Use neutral oil bloomed with chili flakes and a pinch of sugar when a jar is unavailable.
Rice Vinegar
A lighter vinegar that brightens salads, soups, and quick sauces without the depth of black vinegar.
Use Chinkiang vinegar for a darker, richer finish.
Method
Cook to the cues
The method starts with marinate the fish and ends with poach and finish with hot oil. Use the checklist to keep your place, but let the visible cues decide when to move on: pickled greens smell sour and savory, not packaged or harsh, fish slices turn opaque but do not curl into tight flakes, and broth tastes sour-salty before the hot oil finish.
Cook along
Check off steps as you cook
Marinate the fish
Toss fish slices with wine, starch, white pepper, and a small pinch of salt. This thin coating keeps the fish silky in the broth.
Wake up the pickles
Stir-fry ginger, garlic, scallion whites, and pickled mustard greens until the sour aroma turns rounded rather than raw.
Simmer the broth
Add water or stock and sugar. Simmer briefly so the broth tastes sour, savory, and lightly salty before the fish goes in.
Poach and finish with hot oil
Slide in fish slices and stop stirring once they turn opaque. Top with chilies, peppercorns, garlic, and scallion, then pour hot oil over them.
Substitutions and safety
Before you improvise
Use the substitutions as controlled changes rather than random swaps.

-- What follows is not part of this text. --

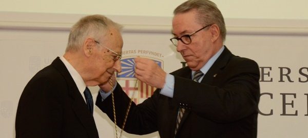 La Universitat de Barcelona (UB) ha lliurat aquest divendres la medalla d'or de la institució a l'historiador i monjo de Montserrat Hilari Raguer, en una cerimònia en la qual ha rememorat els seus anys com a estudiant i les seves activitats antifranquistes.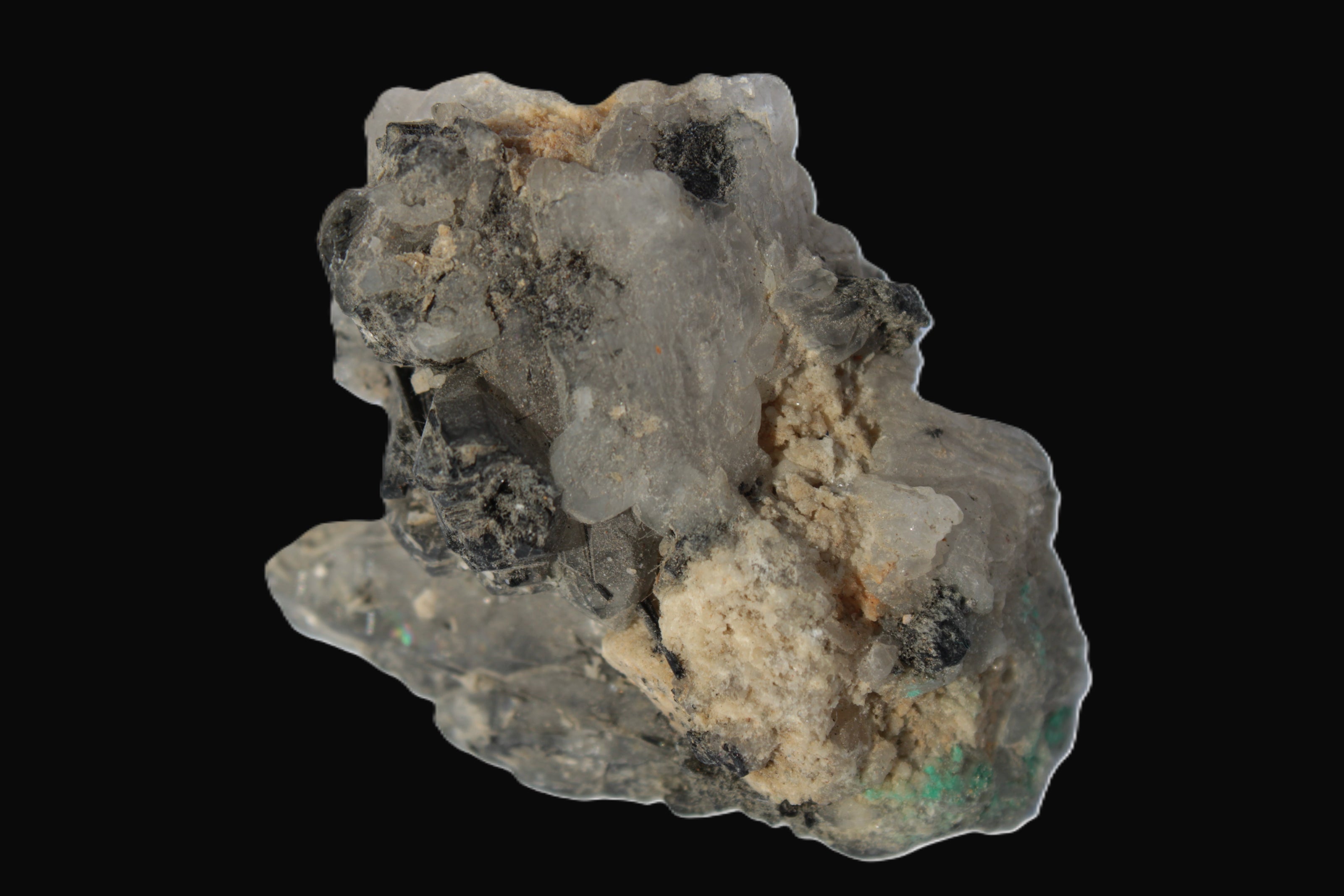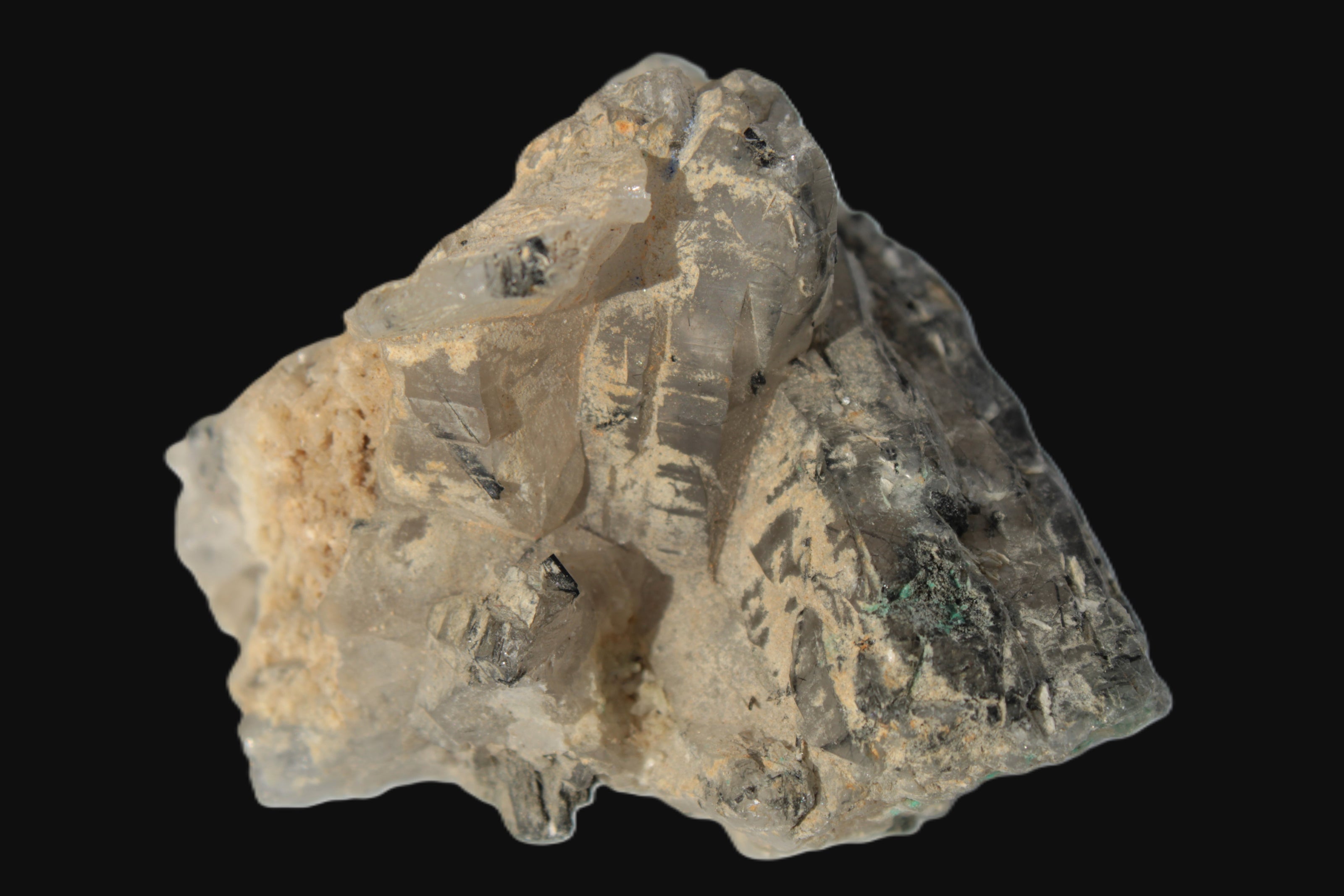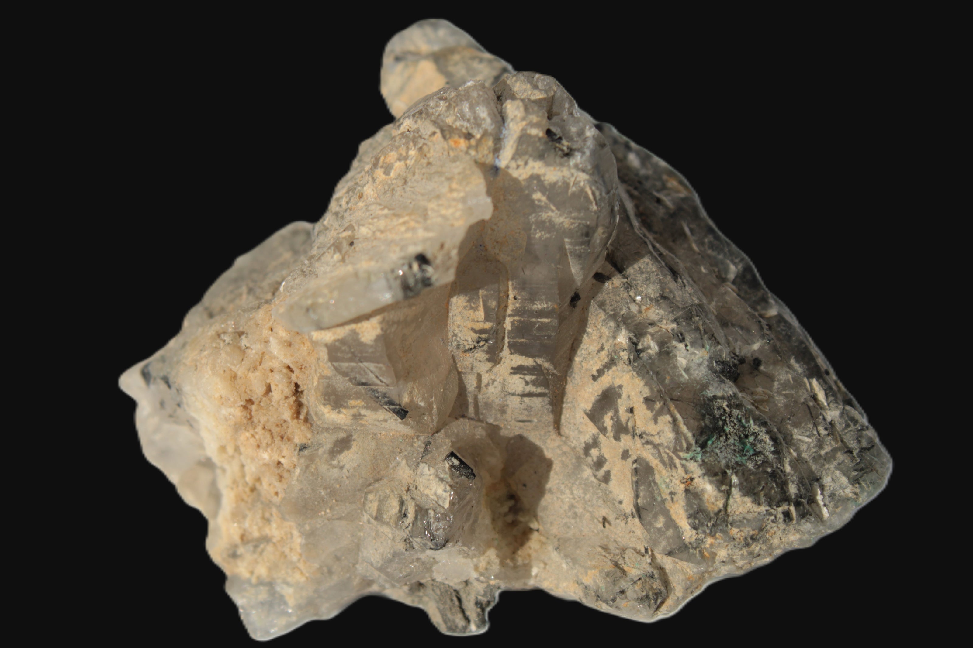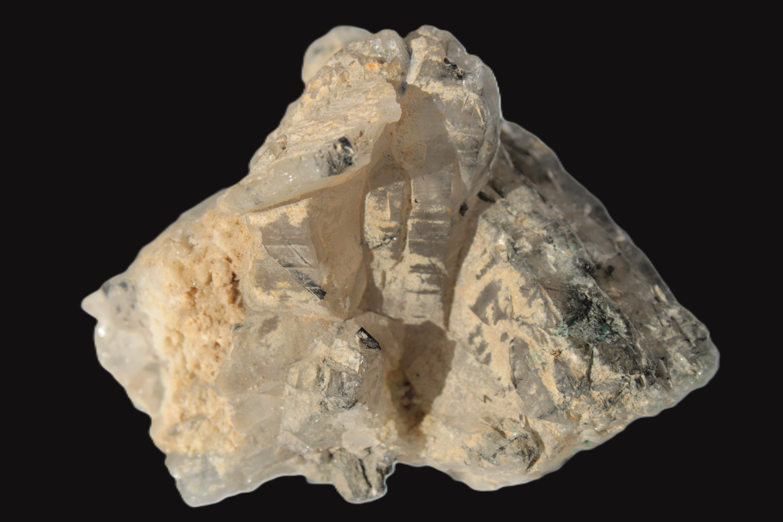 Elestial Smoky and Clear Quartz crystals with Calcite & Elbaite from Afghanistan 99.3g

Keep the same cooking method, keep the sauce balance close, and use the safety notes when changing protein, reheating leftovers, or holding the dish for later.
Substitutions
- Use tilapia, sole, cod, or swai as long as the slices are thin and even.
- Use dried green Sichuan peppercorns if fresh peppercorns are unavailable.
- Add glass noodles or bean sprouts under the fish for a fuller bowl.
- Use less dried chili for a sour-forward version with mild heat.
Safety notes
- Cook fish until opaque and steaming hot.
- Keep raw fish separate from ready-to-eat herbs and garnishes.
- Refrigerate leftovers promptly and reheat gently to avoid shredding the fish.
Serving and storage
Finish the meal well
Serve Suan Cai Yu Sichuan Fish Soup while chilies and peppercorns sizzle briefly without burning. If you are cooking ahead, cool leftovers quickly, keep the sauce or cooking liquid with the main ingredients, and reheat gently so the texture stays close to the first serving.
FAQ
Common questions
What is suan cai yu?
It is Sichuan fish with pickled mustard greens: tender fish slices in a hot, sour, savory broth often finished with chilies and Sichuan peppercorn oil.
Why did my fish fall apart?
The slices were too thin, the broth boiled too hard, or the fish was stirred after adding. Slide it in gently and let the heat set it.
Should I rinse the pickled mustard greens?
Usually yes. Rinsing or brief soaking controls saltiness, then stir-frying brings back aroma before simmering.
Is this the same as sweet vinegar fish?
No. The exact image shows a spicy sour fish soup, so the page now targets suan cai yu instead of the old sweet vinegar fish title.